**Data extract:**
────────────────────────────────────────

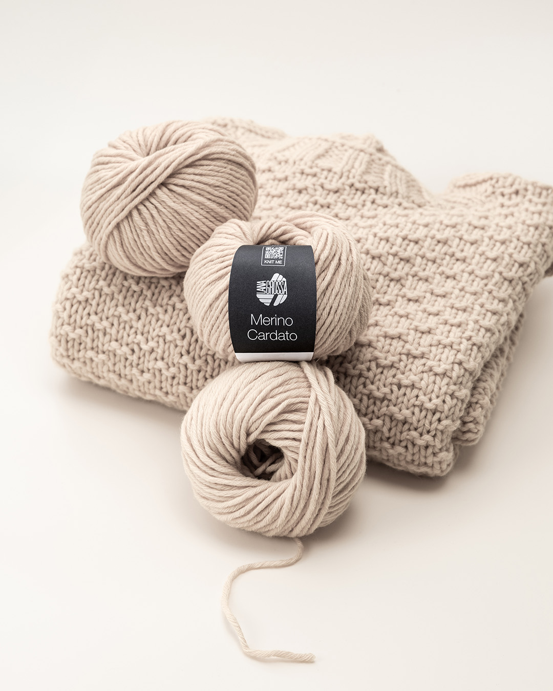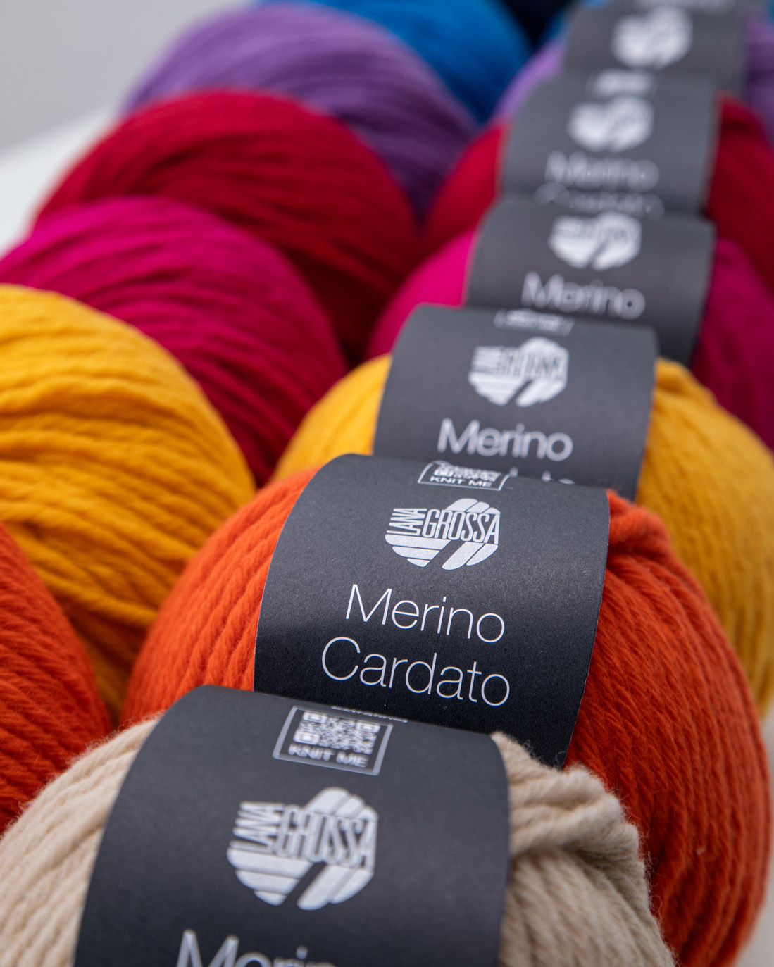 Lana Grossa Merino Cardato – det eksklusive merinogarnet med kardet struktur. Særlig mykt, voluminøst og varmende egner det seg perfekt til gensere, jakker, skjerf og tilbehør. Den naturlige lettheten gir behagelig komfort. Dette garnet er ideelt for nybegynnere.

────────────────────────────────────────

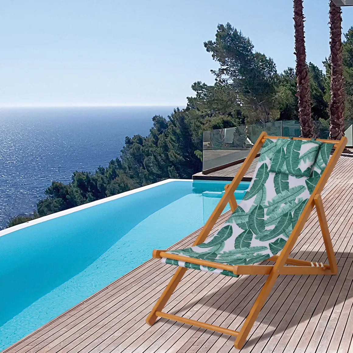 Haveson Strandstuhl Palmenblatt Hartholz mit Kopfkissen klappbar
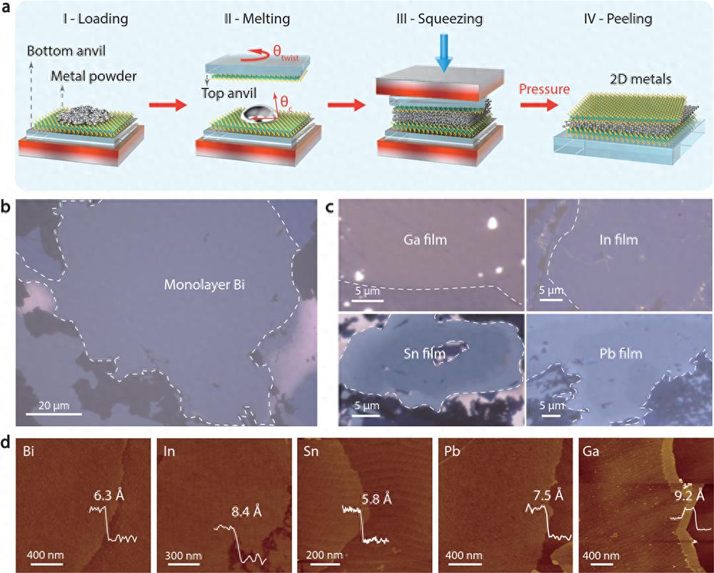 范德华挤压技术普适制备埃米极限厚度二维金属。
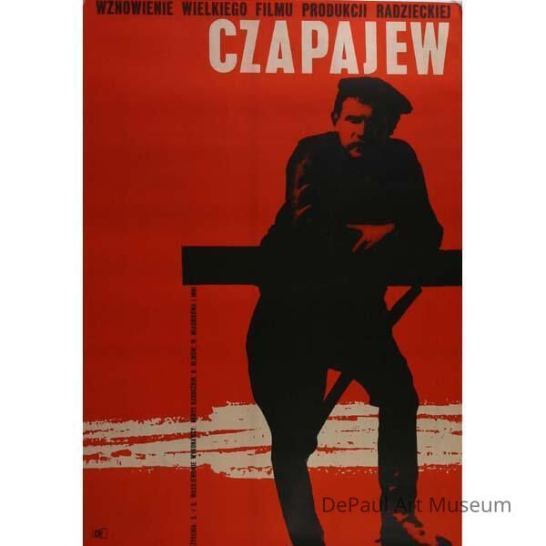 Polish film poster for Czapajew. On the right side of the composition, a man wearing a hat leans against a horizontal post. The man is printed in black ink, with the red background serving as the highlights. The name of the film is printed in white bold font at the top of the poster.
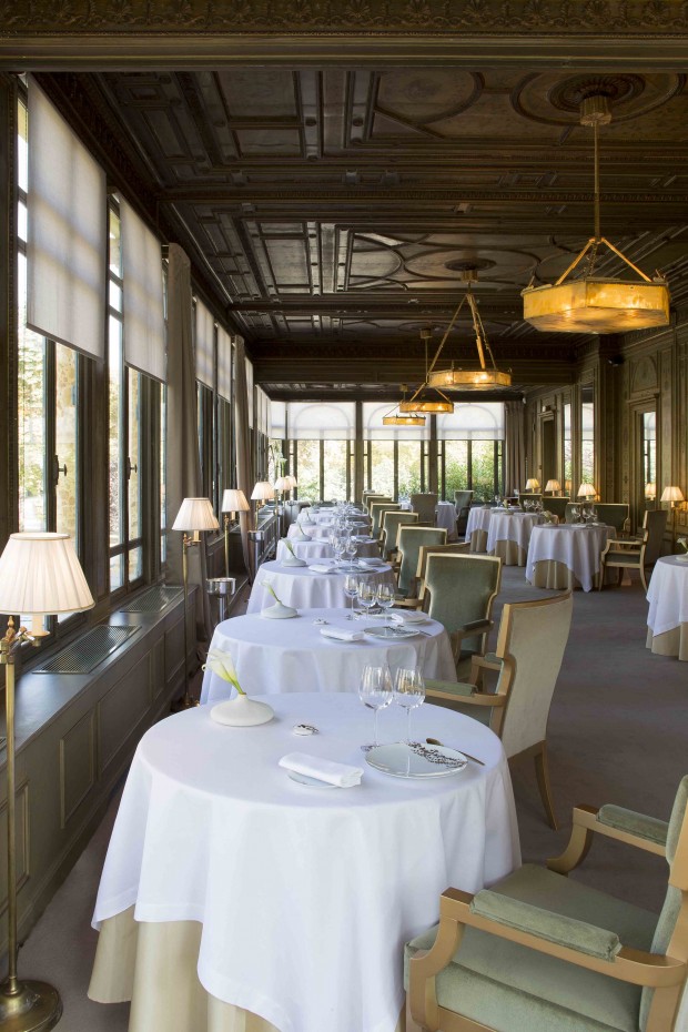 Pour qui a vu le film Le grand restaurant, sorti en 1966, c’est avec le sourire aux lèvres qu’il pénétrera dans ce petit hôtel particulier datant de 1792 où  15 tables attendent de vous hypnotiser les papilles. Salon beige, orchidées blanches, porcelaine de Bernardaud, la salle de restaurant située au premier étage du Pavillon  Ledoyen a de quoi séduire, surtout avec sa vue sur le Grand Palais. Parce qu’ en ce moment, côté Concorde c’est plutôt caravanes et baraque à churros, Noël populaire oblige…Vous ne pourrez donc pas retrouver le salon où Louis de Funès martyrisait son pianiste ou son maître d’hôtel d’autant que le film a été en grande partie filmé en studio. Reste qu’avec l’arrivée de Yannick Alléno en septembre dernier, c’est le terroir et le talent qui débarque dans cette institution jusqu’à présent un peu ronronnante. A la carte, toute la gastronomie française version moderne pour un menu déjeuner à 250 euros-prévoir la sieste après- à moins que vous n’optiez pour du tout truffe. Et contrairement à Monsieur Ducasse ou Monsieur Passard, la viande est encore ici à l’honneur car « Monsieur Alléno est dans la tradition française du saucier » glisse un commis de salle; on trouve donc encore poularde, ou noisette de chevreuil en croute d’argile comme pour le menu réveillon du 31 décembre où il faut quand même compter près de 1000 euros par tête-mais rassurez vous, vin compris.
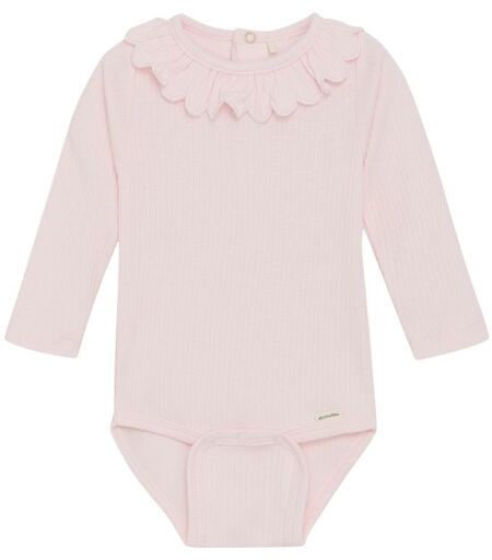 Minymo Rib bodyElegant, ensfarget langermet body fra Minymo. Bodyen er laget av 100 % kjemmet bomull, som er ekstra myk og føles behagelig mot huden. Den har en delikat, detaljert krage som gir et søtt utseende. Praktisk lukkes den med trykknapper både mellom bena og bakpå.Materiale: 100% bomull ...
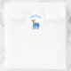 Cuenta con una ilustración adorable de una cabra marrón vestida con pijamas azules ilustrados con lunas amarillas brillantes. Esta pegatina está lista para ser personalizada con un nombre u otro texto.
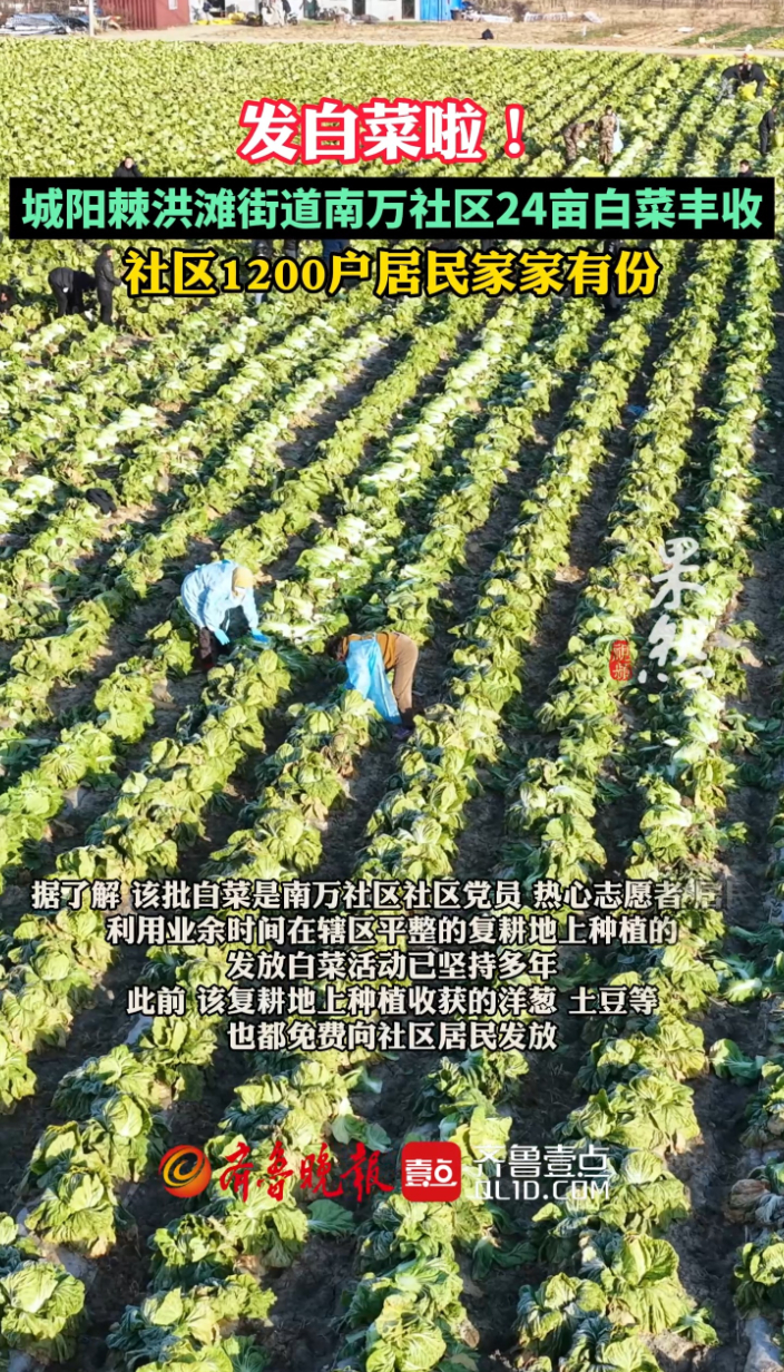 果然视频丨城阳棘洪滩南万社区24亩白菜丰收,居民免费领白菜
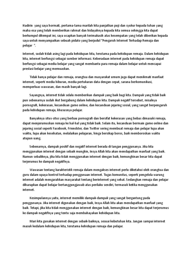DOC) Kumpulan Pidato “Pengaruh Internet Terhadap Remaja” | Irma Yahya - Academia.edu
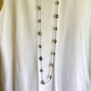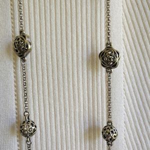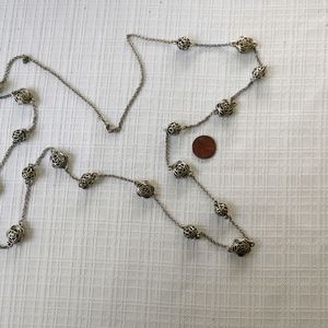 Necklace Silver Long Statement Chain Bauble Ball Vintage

────────────────────────────────────────

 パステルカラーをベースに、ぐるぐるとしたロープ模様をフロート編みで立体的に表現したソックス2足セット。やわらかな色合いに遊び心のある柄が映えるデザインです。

────────────────────────────────────────

**Required action:** In the entries above, find the line containing "Minymo Rib bodyElegant, ensfarget" and the line containing "Necklace Silver Long", then copy both and every line between them exactly, without any picture.

**Output:**
 Minymo Rib bodyElegant, ensfarget langermet body fra Minymo. Bodyen er laget av 100 % kjemmet bomull, som er ekstra myk og føles behagelig mot huden. Den har en delikat, detaljert krage som gir et søtt utseende. Praktisk lukkes den med trykknapper både mellom bena og bakpå.Materiale: 100% bomull ...
 Cuenta con una ilustración adorable de una cabra marrón vestida con pijamas azules ilustrados con lunas amarillas brillantes. Esta pegatina está lista para ser personalizada con un nombre u otro texto.
 果然视频丨城阳棘洪滩南万社区24亩白菜丰收,居民免费领白菜
DOC) Kumpulan Pidato “Pengaruh Internet Terhadap Remaja” | Irma Yahya - Academia.edu
 Necklace Silver Long Statement Chain Bauble Ball Vintage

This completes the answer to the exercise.